Pathobiological signatures of dysbiotic lung injury in pediatric patients undergoing stem cell transplantation

Abstract

Hematopoietic cell transplantation (HCT) uses cytotoxic chemotherapy and/or radiation followed by intravenous infusion of stem cells to cure malignancies, bone marrow failure and inborn errors of immunity, hemoglobin and metabolism. Lung injury is a known complication of the process, due in part to disruption in the pulmonary microenvironment by insults such as infection, alloreactive inflammation and cellular toxicity. How microorganisms, immunity and the respiratory epithelium interact to contribute to lung injury is uncertain, limiting the development of prevention and treatment strategies. Here we used 278 bronchoalveolar lavage (BAL) fluid samples to study the lung microenvironment in 229 pediatric patients who have undergone HCT treated at 32 children's hospitals between 2014 and 2022. By leveraging paired microbiome and human gene expression data, we identified high-risk BAL compositions associated with in-hospital mortality (P = 0.007). Disadvantageous profiles included bacterial overgrowth with neutrophilic inflammation, microbiome contraction with epithelial fibroproliferation and profound commensal depletion with viral and staphylococcal enrichment, lymphocytic activation and cellular injury, and were replicated in an independent cohort from the Netherlands (P = 0.022). In addition, a broad array of previously occult pathogens was identified, as well as a strong link between antibiotic exposure, commensal bacterial depletion and enrichment of viruses and fungi. Together these lung-immune system-microorganism interactions clarify the important drivers of fatal lung injury in pediatric patients who have undergone HCT. Further investigation is needed to determine how personalized interpretation of heterogeneous pulmonary microenvironments may be used to improve pediatric HCT outcomes.

Fig. 1. Study design and clinical outcomes.

a, Patients were recruited from 32 participating children’s hospitals in the United States, Canada and Australia. b, Study design diagram. c, BAL processing and analysis workflow. d, Four microbiome–transcriptome clusters were identified. e, In-hospital survival for all patients (left) and the subset requiring respiratory support before testing (right) was plotted according to BAL cluster; differences were analyzed with the log-rank test.

Fig. 2. The BAL microbiome.

a, The fraction (left) and mass (right) of major bacterial, viral and fungal phyla were plotted, with the shading representing the average for each of the four BAL clusters (n = 127, 74, 45 and 32 for clusters 1–4, respectively).
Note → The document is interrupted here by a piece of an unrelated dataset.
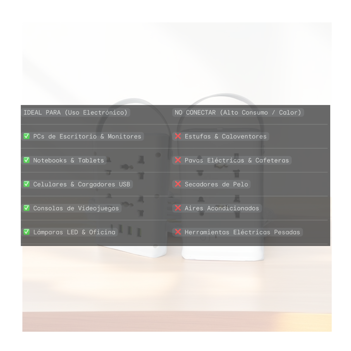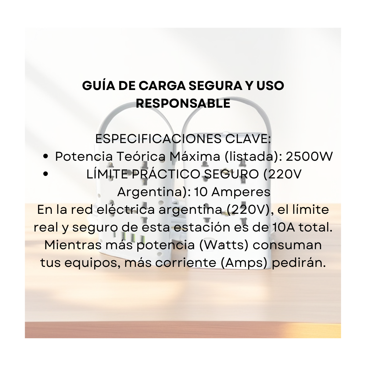 ATENCIÓN: El límite de carga es de 10 Amperes. Evitá conectar electrodomésticos de calor de alto consumo (estufas, pavas eléctricas) para prolongar la vida útil del producto. Ideal para setup de PC, oficina o mesa de luz.

The average mass of bacterial genera and species in each of the four BAL clusters are shown on the right. b, Taxonomic richness and diversity were plotted across the four BAL clusters. Richness and diversity varied across clusters (Kruskal–Wallis test, P < 0.001 and P = 0.002, respectively). c, Microorganisms associated with in-hospital mortality were identified using negative binomial generalized linear models (edgeR R package) and were plotted according to the log fold change (position, color) and FDR (dot size). d, Taxonomic richness and Simpson’s alpha diversity stratified according to survival status at the time of the most recent BAL (n = 184 survivors, n = 45 nonsurvivors). Richness and diversity differed according to survival outcome (Wilcoxon rank-sum test, P = 0.025 and P = 0.006, respectively). e, Microbial alignments to the KEGG metabolic pathways were averaged for each BAL cluster. f, Selected metabolic pathways that differed across the BAL clusters are shown. log₁₀-normalized expression varied across clusters (Kruskal–Wallis test, FDR < 0.001 for each of glycolysis/gluconeogenesis, oxidative phosphorylation, fatty acid biosynthesis and butanoate metabolism). For all box plots: the boxes indicate the median and IQR; the whiskers extend to the largest value above the 75th percentile (or smallest value below the 25th percentile), that is, within 1.5 times the IQR.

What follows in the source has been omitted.